The aim of this thesis has been to develop two methods that detect degradation in mechanical properties in high-strength steel products due to the phenomena hydrogen embrittlement. Of the two methods, one was supposed to be quick and make a coarse detection within 24 hours, and the other endures longer but gives more precise detection. Both methods should be easy to conduct, do not require advanced equipment, and being able to evaluate specimens of complex geometries. During the project, it has proven to be problematic to develop a method which detects hydrogen embrittlement within 24 hours. With the available equipment it seems like it is not possible to attain satisfying results within that short period of time for constant load test methods. Instead, some sort of accelerated method might be the answer to how to develop a quick test method [18]. Some initial trials were made to conduct the conical wedge test method with stepwise accelerated load. However, satisfying results could not be obtained. The specimens did not fail as expected even though the applied stress was very high. Another problem was that the wedge tended to slip out from its position when the load reached the highest evaluated levels. Perhaps it is advantageous to use a wedge with less inclination or some kind of device which fixes the wedge’s position in order to avoid the problems with the slippery wedge.

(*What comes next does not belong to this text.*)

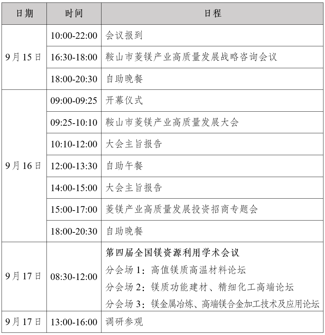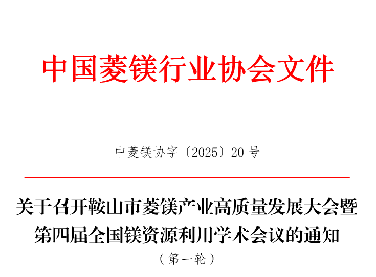 鞍山市菱鎂資源稟賦突出,保有儲(chǔ)量4.26億噸、占全國(guó)61.29%的菱鎂資源,素有“世界鎂都”的美譽(yù)。當(dāng)下,正值鞍山市菱鎂產(chǎn)業(yè)轉(zhuǎn)型升級(jí)、邁向高質(zhì)量發(fā)展的關(guān)鍵節(jié)點(diǎn),為提升鞍山市菱鎂產(chǎn)業(yè)科技創(chuàng)新能力,全力提升產(chǎn)業(yè)鏈高端化、綠色化、智能化發(fā)展,推進(jìn)產(chǎn)業(yè)鏈、創(chuàng)新鏈、人才鏈深度融合,健全鞍山市菱鎂產(chǎn)業(yè)技術(shù)、人才和產(chǎn)業(yè)體系,將于2025年9月15日-17日在遼寧省海城市舉辦“鞍山市菱鎂產(chǎn)業(yè)高質(zhì)量發(fā)展大會(huì)暨第四屆全國(guó)鎂資源利用學(xué)術(shù)會(huì)議”,旨在加強(qiáng)菱鎂產(chǎn)業(yè)科研成果交流及推廣應(yīng)用,推動(dòng)鞍山市菱鎂產(chǎn)業(yè)高質(zhì)量發(fā)展,助力鞍山市打造世界級(jí)菱鎂產(chǎn)業(yè)創(chuàng)新集群,擦亮“世界鎂都”城市名片?,F(xiàn)將相關(guān)事宜通知如下。
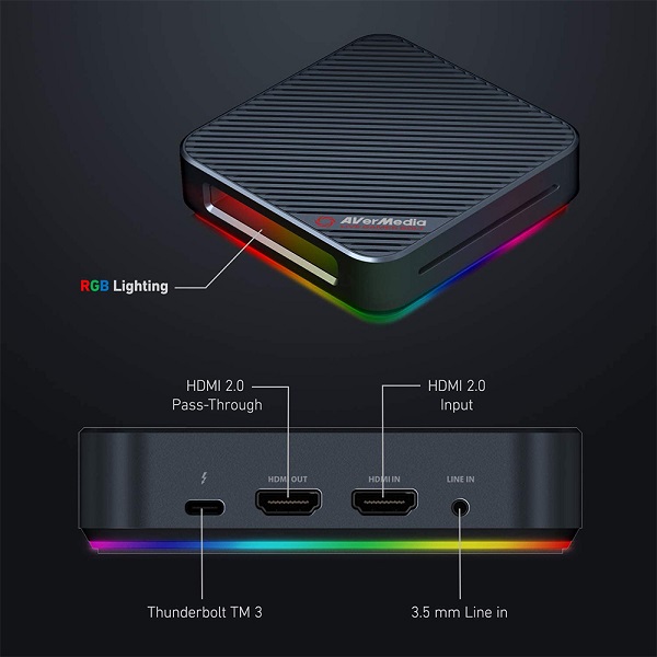 AVerMedia GC555 Live Gamer Bolt 4K@60Fps Capture Card With Ultra Low Latency And Allows To Record 60FPS Of Pure 4K HDR And 7.1 Surround Sound Pass-Through - Black Colour

Typically for constant load test methods, the testing endures for at least 200 hours [15]. Two of the evaluated constant load tests methods have been detecting hydrogen embrittlement successfully within a week; the triangular wedge test method and the conical wedge test method. In the first-mentioned method, the wedge is hammered into its position. Hammering is not an accurate method since it is problematic to repeat the same wedge insertion position. Another disadvantage with the method is that the stress distribution within the specimen is complex and thus difficult to estimate by theoretical models. Furthermore, the plastic deformation present at the wedge indents may complicate the stress distribution even more. The conical wedge test method has been given the most attention thanks to its better repeatability and the theoretical model which could be established for explaining the stress distribution within the specimens. The method is a further development of the triangular wedge test method which in turn was developed from the principal idea behind the o-ring test [30]. Within a time interval of four days, the conical wedge test method effectively detects enhanced levels of hydrogen as specimens with high hydrogen content fail. However, due to the many influencing factors behind the phenomena hydrogen embrittlement the time to failure results for similar specimens are relatively scattered. Furthermore, 25 % of the specimens with medium hydrogen contents and 8 % of the specimen with the highest hydrogen contents did not fail during the test. These results prove that it is essential to evaluate large numbers of specimens when evaluating hydrogen embrittlement.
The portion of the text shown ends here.